Restylane® Skinbooster Injections for the improvement of skin on the tops of toes


Restylane® Skinboosters™ are outstandingly suitable for deep hydration of the skin on the tops of toes, and their effect is long-term and safe.


In our society, youthfulness and beauty free of imperfections are sadly positively attributed and also determine interactions and positioning in the social as well as the professional environment (1). This statement also applies to the appearance of your feet.


Injectable hyaluronic acid (HA) products can be classified into two groups with different therapeutic goals for podiatry. They can either be used for augmentation and volume substitution or as with the skin boosters which are injected superficially for the revitalization of the skin (2).


The biological significance of HA for the skin as well as its excellent physicochemical properties, especially its high water-binding capacity, determine injectable HA based skinboosters for improvement of skin quality. Although native HA is ubiquitous in the human body, the largest amount is located in the skin. With 7-8 g of HA, the skin contains approximately 50-56% of the total body content. HA is a significant stabilizing component of the Extracellular Matrix (ECM), can bind large amounts of water and is essential for hydration homeostasis.


Apart from its significance as a structure substance, HA is also an important functional tissue component, because extracellular substance transport (diffusion of electrolytes, nutrients and decomposition products in the tissue) as well as the activity of the immune system are associated with the hydration status of the ECM. In addition to this, HA is pivotal for cellular processes such as proliferation, differentiation and migration. Amongst other processes, it stimulates fibroblast proliferation and activity with an increased biosynthesis of collagen and other components of the ECM. Apart from regenerative tasks such as improved wound healing under HA, it also has cell protecting properties against external noxious substances. In current studies, it is being discussed whether HA itself fulfills the function of a radical catcher for the deactivation of Reactive Oxygen Species (ROS) or whether a reaction with free radicals attacks and leads to it’s destruction [3, 4].

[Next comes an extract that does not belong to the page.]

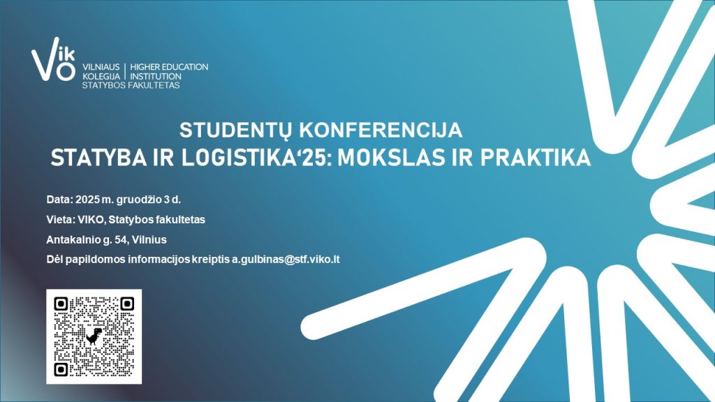 Maloniai kviečiame studentus, mokslininkus ir kolegas dalyvauti studentų konferencijoje „Statyba ir logistika‘25: mokslas ir praktika“, kuri vyks 2025 m. gruodžio 3 d. Vilniaus kolegijos Statybos fakultete (Antakalnio g. 54, Vilnius).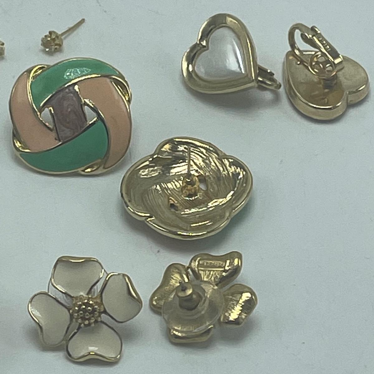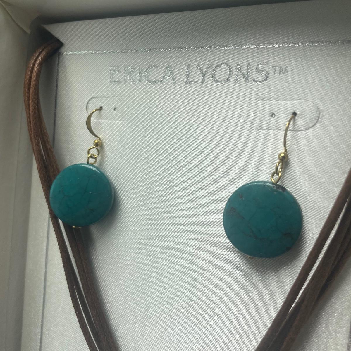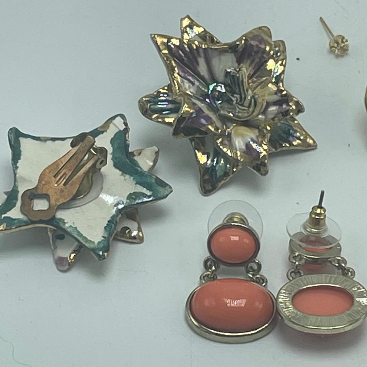 A lovely assortment of jewelry that includes a necklace and post earrings set by Erica Lyons, along with another long necklace, a faux diamond and amber stone bracelet with safety chain, two brooches, and six pairs of earrings (two clip on, rest are for pierced ears). All pieces are costume jewelry.

Restylane® Skinboosters™ are injected subcutaneously and have a clinically proven effect duration of up to 12 months [5]. The long lasting and significant effect is due to the use of non-animal stabilized hyaluronic acid (NASHA), especially in direct comparison with non-stabilized hyaluronic acid. This was proven by a number of studies including Carruthers et al. (2014) as well as Williams et al. (2009) [2, 6]. The substitution leads to a stimulation of fibroblast proliferation and activity with new synthesis of collagen, elastin and other extracellular components such as HA, leading to more skin elasticity, skin tension and moisture [7]. The positive study results are supported by high patient satisfaction. According to blinded live-rating, skin quality improved in more than 80% of the patients. 85% assessed the therapeutic success positively and stated that they would repeat the treatment. Furthermore, patients as well as blinded evaluators indicated significant aesthetic improvements on the basis of the Global Aesthetic Improvement Scale (GAIS).






1.Borelli C, Berneburg M (2010) Beauty lies in
the eye of the beholder. Aspects of beauty and attractiveness. J Dtsch Dermatol Ges 8: 326–330.

2.Carruthers JD, Carruthers JA, Humphrey S (2014) Fillers and neocollagenesis. Dermatol Surg 40(12): 134–136.

3. Entwistle J, Hall CL, Turley EA (1996) HA receptors: regulators of signalling to the cytoskeleton. J Cell Biochem61: 569–577
.
4.Wohlrab W, Neubert RRH, Wohlrab J (2004) Trends in Clinical and Experimental Dermatology, Vol. 3 Hyaluronsäure und Haut, Shaker Verlag, Aachen.

5.Gubanova EI et al.(2015) Injections of stabilized hyaluronic acid with a sharp needle compared with a blunt microcannula for facial skin rejuvenation: 12-month results. Poster Präsentation auf dem International Mastercourse on Aging Skin (IMCAS), Paris, Frankreich.

6.Williams S, Tamburic S, Stensvik H, Weber
M (2009) Changes in skin physiology and clinical appearance after microdroplet placement of hyaluronic acid in aging hands. J Cosmet Dermatol 8: 216–225.

7.Wang F, Garza LA, Kang S, Varani J, Orringer JS, Fisher GJ, VoorheesJJ (2007) In vivo stimulation of de novo collagen production caused by cross-linked hyaluronic acid dermal filler injections in photodamaged human skin. Arch Dermatol 143: 155–163.